(EXERCISE DATA Opens)
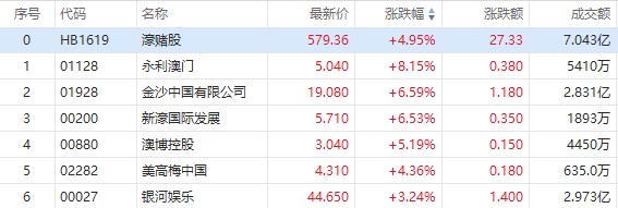 华盛资讯9月20日讯,博彩股午后涨势扩大,截至发稿,永利澳门涨8.15%,新濠国际发展、金沙中国涨6%,澳博控股涨5%,银河娱乐涨3%。
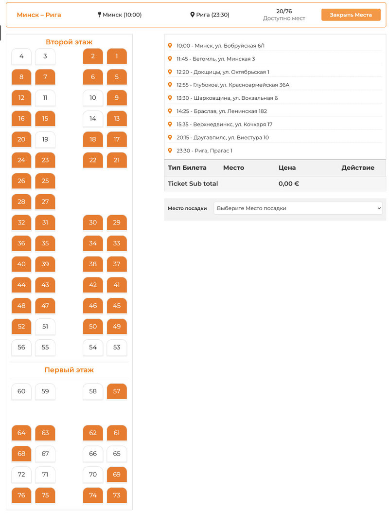 Система заказа билетов Ticketbus выросла из государственной системы, разработанной еще под эгидой Информационно-вычислительного центра авиации (да, авиации: просто так совпало). Сейчас именно на этом сайте показано расписание всех (или почти всех) государственных пригородных, междугородних и международных автобусных маршрутов. Здесь же есть и многие частники. Купить билет можно после регистрации в системе, выбор места — наугад (нет удобных схем автобусов с конкретным местом).
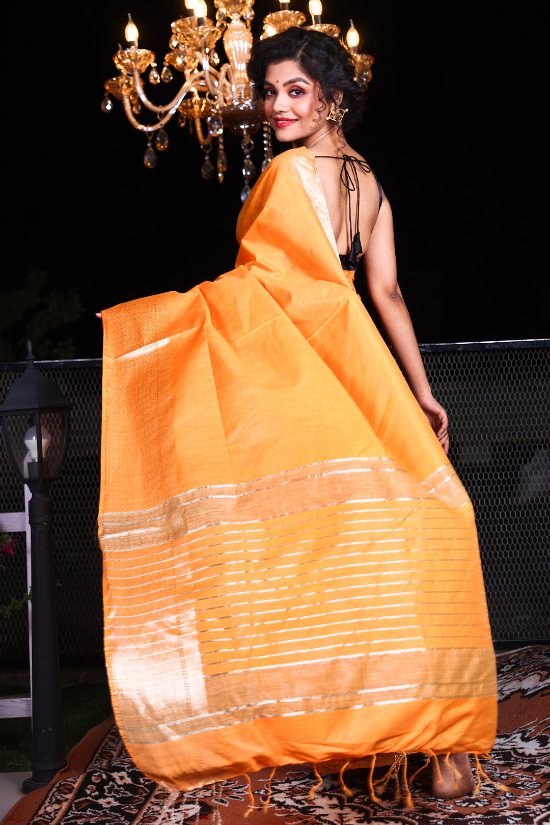 Zari Border Mustard Silk Saree With Striped Pallu
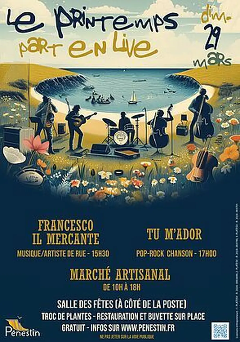 Le festival du Printemps part en live revient à Pénestin le dimanche 29 mars 2026 de 10h00 à 18h00 pour fêter l’arrivée des beaux jours. Au programme trois concerts à ne pas manquer Spectralala (chanson française) à 12h00 puis 15h30 Harvest Folk ( folk-blues) et Tu m’ador (chanson-pop) à 17h00,
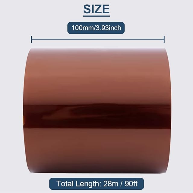 DAOKAI 100mm x 33m(108ft) 高温テープ 高温テープ ポリイミド耐熱テープ サーマルテープ カプトンテープ マスキング/はんだ/3Dプリンター/バッテリー用
(EXERCISE DATA Closes)
HOW TO COMPLETE THIS TASK |
Write out again exactly the lines from the start of the data above through the line containing "Le festival du", inclusive, excluding any pictures.

RESPONSE |
 华盛资讯9月20日讯,博彩股午后涨势扩大,截至发稿,永利澳门涨8.15%,新濠国际发展、金沙中国涨6%,澳博控股涨5%,银河娱乐涨3%。
 Система заказа билетов Ticketbus выросла из государственной системы, разработанной еще под эгидой Информационно-вычислительного центра авиации (да, авиации: просто так совпало). Сейчас именно на этом сайте показано расписание всех (или почти всех) государственных пригородных, междугородних и международных автобусных маршрутов. Здесь же есть и многие частники. Купить билет можно после регистрации в системе, выбор места — наугад (нет удобных схем автобусов с конкретным местом).
 Zari Border Mustard Silk Saree With Striped Pallu
 Le festival du Printemps part en live revient à Pénestin le dimanche 29 mars 2026 de 10h00 à 18h00 pour fêter l’arrivée des beaux jours. Au programme trois concerts à ne pas manquer Spectralala (chanson française) à 12h00 puis 15h30 Harvest Folk ( folk-blues) et Tu m’ador (chanson-pop) à 17h00,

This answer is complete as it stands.